Getting started with Unity Exchange

How it works

Programmatic advertising is the automated buying and selling of online advertising space. Automation makes transactions efficient, streamlining the process of digital advertising buying and selling. The process is possible because of the nature of standardized advertising placements and sizes, such as video and banner placements.

Programmatic advertising also can leverage technological advancements of data platforms to help target specific audiences, and allows for up to the minute optimizations of the campaign to help reach advertiser key performance indicators.

Overview

A publishing app submits an ad request to Unity’s exchange, where DSPs can submit a bid for the impression. If the bid wins the auction, Unity pre-caches the ad and only renders it when the user views the ad. At this point, an impression and all other trackers are counted.

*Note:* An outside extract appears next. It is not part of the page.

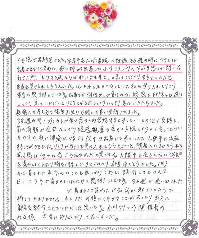 出産予定だった産院に妊娠36週の時にウチでは出産できないと言われ、 母と姉が出産した小川クリニックへすがる思いで問い合わせた所、「もう36週ならばすぐにでも来て」と 言ってくださり、診ていただき出産を受け入れてもらえました。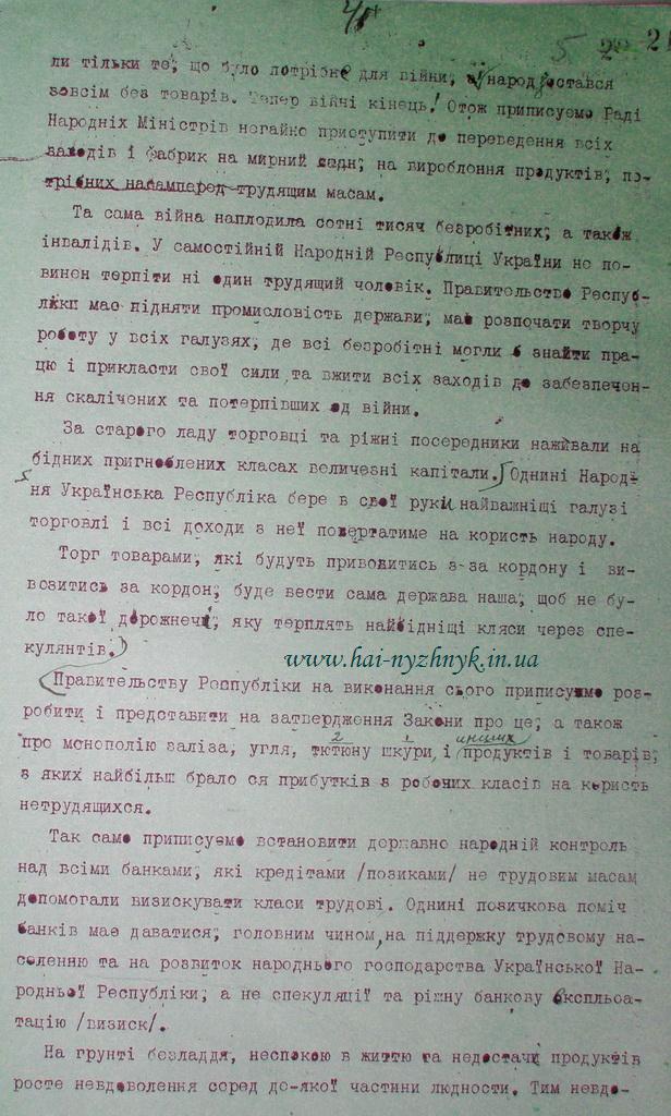 Так само приписуємо встановити державно-народній контроль над всіми банками, які кредітами (позиками) нетрудовим масам допомагали визискувати кляси трудові. Однині позичкова поміч банків має даватися головним чино на піддержку трудовому населенню та на розвиток народнього господарства Української Народньої Республіки, а не спекуляції та ріжну банкову експльоатацію (визиск).

  1. Unity receives an ad request from a mobile device.
  2. Unity makes an HTTP POST request to all bidding partner endpoints.
  3. Each bidder must respond within 200 ms (total round-trip). Unity passes this value through the bid request.
  4. Unity's Exchange runs a first-price auction based on valid bidder responses.
  5. Upon completing the auction, Unity retrieves the winning bid’s HTML and impression trackers to the client for pre-caching.
  6. When the player experiences the ad, Unity pings the winning bidder’s nURL to notify the DSP of the impression.
  7. The creative renders to the end user, and Unity fires other event trackers along with the creative payload.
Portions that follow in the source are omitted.